Netanyahu’s right-wing Likud party finished first in the March 23 election, Israel’s fourth inconclusive vote in less than two years, helping the divisive premier earn a 28-day mandate to negotiate a government.
But that mandate expired at 2100 GMT on Tuesday and Netanyahu informed president Reuven Rivlin he had been unable to secure a majority in the 120-seat parliament.
Netanyahu’s failure further highlighted deep fractures in the Israeli electorate, which spread its support across the political spectrum, including far-right Jewish extremists and a conservative Islamic party.
Rivlin, whose largely ceremonial role has taken on outsized prominence amid the seemingly endless cycle of elections, has voiced doubt any lawmaker could form a government.
But several political experts on Wednesday predicted he would give a chance to opposition leader Yair Lapid, a former television anchor whose centrist Yesh Atid party finished second in the March vote.
Rivlin met Wednesday with Lapid and Naftali Bennett, a religious right-winger who has become a closely-watched kingmaker, despite his Yamina party controlling only seven parliamentary seats.
Bennett was once a Netanyahu ally and served as his defence minister but their relationship has disintegrated.
During Netanyahu’s ongoing corruption trial where the 71-year-old premier is accused of trading regulatory favours with media moguls in exchange for favourable coverage, the court heard testimony about Netanyahu’s alleged obsession with smearing Bennett.
Bennett said Monday that he would have struck a deal with Netanyahu but concluded the prime minister could not clinch a coalition.
Rivlin gave all Knesset factions a 1100 GMT deadline to submit their recommendations for the best choice to form a government.
Lapid held the support of much of the so-called “change” bloc, receiving endorsements from left-wing Labor, centre-left Meretz and from the hawkish but fiercely anti-Netanyahu Yisrael Beitenu party led by Avigdor Lierberman.

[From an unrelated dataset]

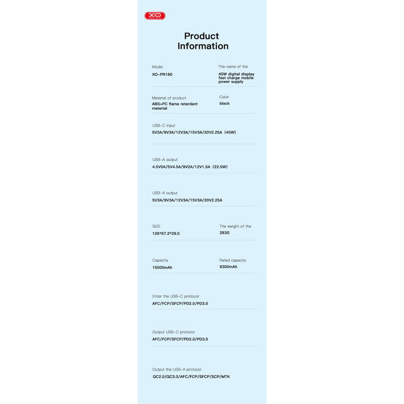 پاوربانک ایکس او مدل PR-90 با ظرفیت 15000 میلی آمپر ساعت

Blue and White, led by Defence Minister Benny Gantz, also backed Lapid again.
New Hope, a party of Likud defectors that holds six Knesset seats, endorsed Lapid after abstaining during Rivlin’s last round of consultations, in a possible sign of momentum for the opposition leader.
Likud, its ultra-Orthodox Jewish allies and the far right Religious Zionism faction all asked Rivlin to give the Knesset a 21-day window to nominate a candidate to be prime minister.
The Knesset likely cannot resolve the impasse but failure would force it to dissolve and trigger new elections, creating yet another opportunity for Netanyahu to retain power.
Bennett again endorsed himself for prime minister but all Israeli political watchers are searching for hints of a brewing Lapid-Bennett accord.
Lapid has said that he offered Bennett a rotating prime ministership in which the latter would take first turn, in the interest of agreeing a government that could end Netanyahu’s record 12 straight years in office.
Bennett said Monday that if Netanyahu failed to secure a coalition he would work towards a “unity” government, as his top priority was averting a fifth election in less than three years.
A poll released Wednesday by the Israel Democracy Institute think-tank showed that 70 per cent of Israelis believe the coalition talks will fail and a new vote will be called.
Netanyahu and his allies have flirted with legislation to create a direct vote for prime minister, hoping he would emerge victorious in a divided field, but there is little indication so far that this initiative would get off the ground.